17. Income from Gratuity - Section 10(10)
- Gratuity
received by employees is exempt up to a specified limit (currently ₹20
lakh for non-government employees).
18. Provident Fund Withdrawals
- The
amount withdrawn from the Employee Provident Fund (EPF) after 5 years of
continuous service is tax-free.
19. Voluntary Retirement Scheme (VRS) Compensation - Section
10(10C)
- Exemption
up to ₹5 lakh on amounts received under VRS.
20. Income from Life Insurance Policies
- Proceeds
from life insurance policies are tax-free under Section 10(10D), subject
to certain conditions.
21. Dividend Income
- Dividend
income from domestic companies is tax-free up to ₹10 lakh under Section
10(34).

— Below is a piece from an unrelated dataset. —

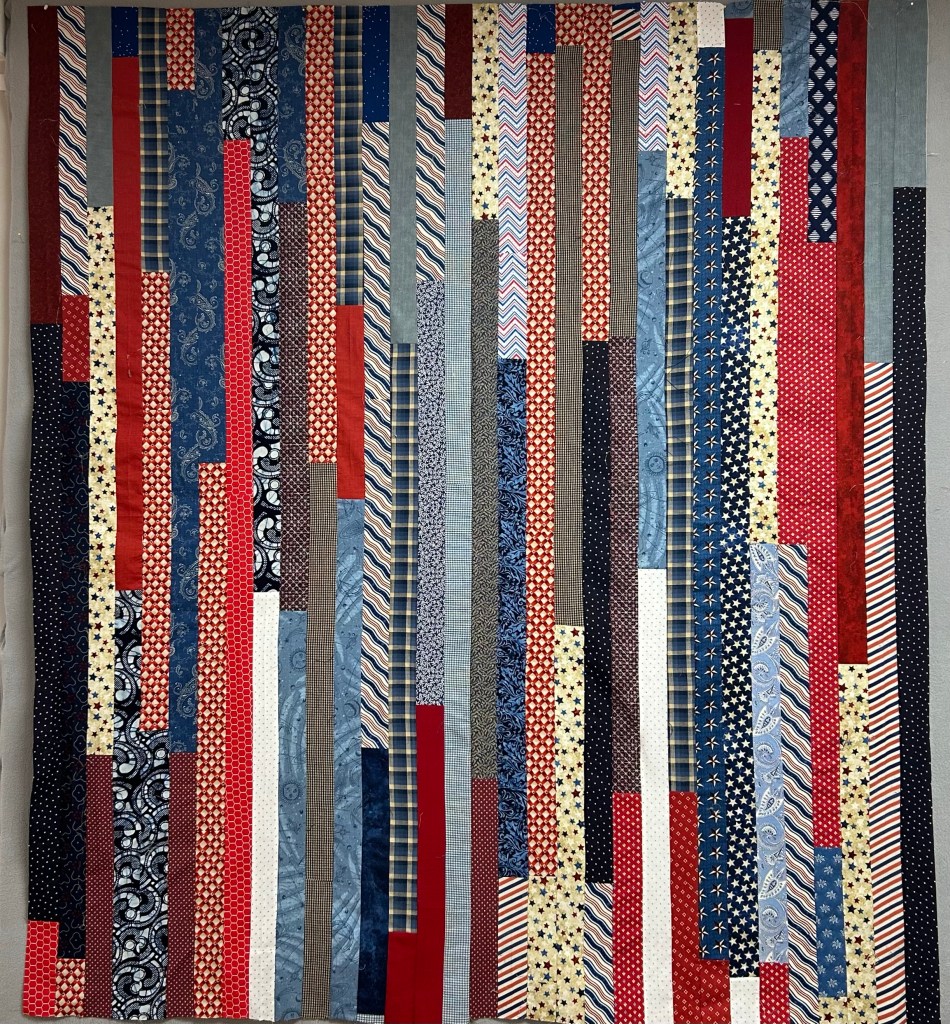 It measures about 64 by 72 inches. I’ll square it all up after quilting. Which will have to wait until we get back to Arizona.

Beyond ₹10 lakh, dividends are taxable at 10%.
22. Section 54, 54EC, 54F - Capital Gains Exemptions
- Section
54: Exemption on long-term capital gains from the sale of a house property
if reinvested in another residential property.
- Section
54EC: Exemption on long-term capital gains from sale of property if
reinvested in specified bonds (NHAI/REC) within 6 months.
- Section
54F: Exemption on long-term capital gains from sale of any asset other
than a house property if the sale proceeds are reinvested in a residential
property.
23. Section 87A - Tax Rebate for Low-Income Individuals
- Rebate
of up to ₹25,000 available for individuals with a total income up to ₹7
lakh.
24. Income of Minor Children - Section 10(32)
- Income
of minor children is clubbed with the parent’s income, but an exemption of
up to ₹1,500 per child (for up to two children) is allowed.
These are some of the prominent exemptions and deductions under the Indian Income Tax Act, which taxpayers can utilize to reduce their taxable income. The availability of these exemptions depends on eligibility and specific conditions provided in the law.